Литвек - электронная библиотека >> Алексей Силыч Новиков-Прибой >> Советская проза >> В бухте «Отрада» (сборник) >> страница 108
высокой и толстой каменной стеной, – продолжал рассказывать отец Пахом. – На ней устроено много башен, и в каждой башне имеются комнаты. Вот туда-то Авдей-Злодей и начал сажать провинившихся монахов. Покажется ему, что монах в церкви зевнул, ну, значит, иди на целую неделю в башню. Что только не придумывал наш архимандрит! Если иной из нашей братии слабоват насчет спиртного, то он прикажет не давать ему три дня пить, а на четвертые сутки вместо воды пошлет ему бутылку водки. Много разных номеров он выкидывал. Из-за Авдея-Злодея, прости господи душу мою грешную, я и попал на корабль. Про меня он узнал, что я покойников боюсь. Нехорошо это для монаха, а поделать с собой ничего не мог. Страшно мне на них глядеть. Кажется, что мертвец подмигивает мне и дышит. Вот и стал Авдей-Злодей посылать меня по покойникам читать. Умер у нас один монах. Гроб вынесли в летнюю церковь, а мне приказали псалтырь читать всю ночь. Взял я с собой палку и приставил ее к аналою. Оружие не оружие, а все-таки не так боязно. Дверь церкви я распахнул, чтобы меньше мертвецкий запах чувствовался, а летняя ночь прохладой дышит. Почитаю и замолчу, задумаюсь о бренности нашей жизни, потом опять читаю и опять замолчу, на покойника посмотрю. Лицо его прикрыто парчой, по-нашему «воздух» называется. И все мне кажется, что парча шевелится. Вдруг сзади голос раздается: «Проснись, негодяй!» Я от страха даже подпрыгнул, как мяч, и рассудок мой помутился, словно от затмения. Но все-таки палку я схватил, обернулся и трахнул ею по темной фигуре. Фигура сначала упала, потом вскочила и бегом через дверь скрылась. Оказалось, что это приходил Авдей-Злодей посмотреть, хорошо ли я читаю и не ушел ли из церкви. Утром он позвал меня к себе. Не хотелось ему срамить себя, и боялся он, что я расскажу про это событие монахам. Нужно было ему от меня отделаться. Начал он такими словами: «Посылаю я тебя, согласно запросу нашего архиепископа Ярославского, для обуздания страха твоего, недостойного монаха, в плавание на корабли царского флота. Иди и свято выполняй свой долг. Учи матросов вере святой, как отец духовный и пастырь чад христианских». И я поехал в далекие края. Ведь, кроме Ростова Великого, я ничего не видел. А тут я побывал и в Москве белокаменной, и в столичном городе Петербурге, и в крепости Кронштадт, и повстречался с знаменитым отцом Иоанном Кронштадтским. Теперь не страшен мне Авдей-Злодей, потому что я подчиняюсь протопресвитеру военного и морского духовенства. Я очень доволен своей судьбой.

Пахом замолчал.

Для него путешествие было большой радостью. Он увидел свет, жизнь больших городов, корабли, моря, иностранные порты.

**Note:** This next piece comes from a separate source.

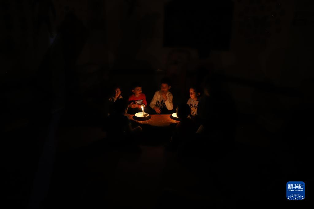 這是10月20日在加沙地帶南部城市汗尤尼斯拍攝的使用蠟燭照明的兒童。

Мы довольно часто беседовали с отцом Пахомом. Меня интересовала монастырская жизнь и хотелось досконально познать моего друга: какие мысли у него, чем его душа занята. Я спрашиваю:

– Ну, как, батюшка, женщины для монахов – большой соблазн?

– Ох, силен дьявол, силен! И многие из нашей братии не выдерживают борьбы с ним и впадают в грех. На себе я это испытал. Стоишь иной раз в церкви, а тут какая-нибудь молодуха так взглянет на тебя, точно пламенем всего охватит. В голову горячая кровь ударит, – и все мысли перемешаются. Забудешь все молитвы. А потом ночью ляжешь спать на койку, и тут начинает бес работать. Он тебе разных особ представляет и все в разных видах. И крутишься, переворачиваешься ты, точно не на койке, а на раскаленной плите находишься. Случалось, вцепишься в свою бороду руками и стонешь, как перед смертью. И все-таки ни разу я не поддался дьяволу.

Однажды батюшка совсем разоткровенничался со мною:

– Одно у меня плохо, Захар, – иногда сомнения мучают насчет, скажем, чудес. Как это можно мертвых воскрешать? И почему раньше это могли делать, а теперь нет? Или вот еще взять пророка Елисея. Мальчики стали называть его лысым. Что же тут особенного? Он и был лысым. А он рассердился, проклял их, напустил на них медведицу, и она растерзала сорок детей. К чему же такая жестокость? А как Христос относился к детям? Он сказал взрослым: «Если вы не будете, как дети, то вы не наследуете царство небесное». Значит, пророк Елисей неправильно поступил, а за неправильные дела что бывает, а?

Я согласился с ним и в свою очередь сказал:

– Не в этом только дело, батюшка. А беда в том, что вся религия наша построена на барышах, на процентах.

– То есть как это понимать тебя? – вскинул брови отец Пахом.

– Очень просто. Купец продает товар и старается как можно больше нажить процентов. А мы для чего угождаем богу, всячески преклоняемся перед ним? Тоже для того, чтобы нажить проценты. Но какие проценты? Мы сорок – пятьдесят лет промучаемся на земле, зато на том свете вечно будем блаженствовать. Барыш явный. Не так ли?

Отец Пахом рассердился на меня:

– Ты это брось. Такие еретические мысли я не хочу даже слушать. Вредные они.

– Но вы тоже высказали свои сомнения.

– Верно. Не отрекаюсь. Но, может быть, через сомнения я приду к настоящей вере, непоколебимой и крепкой, как гранит. Такие случаи бывали.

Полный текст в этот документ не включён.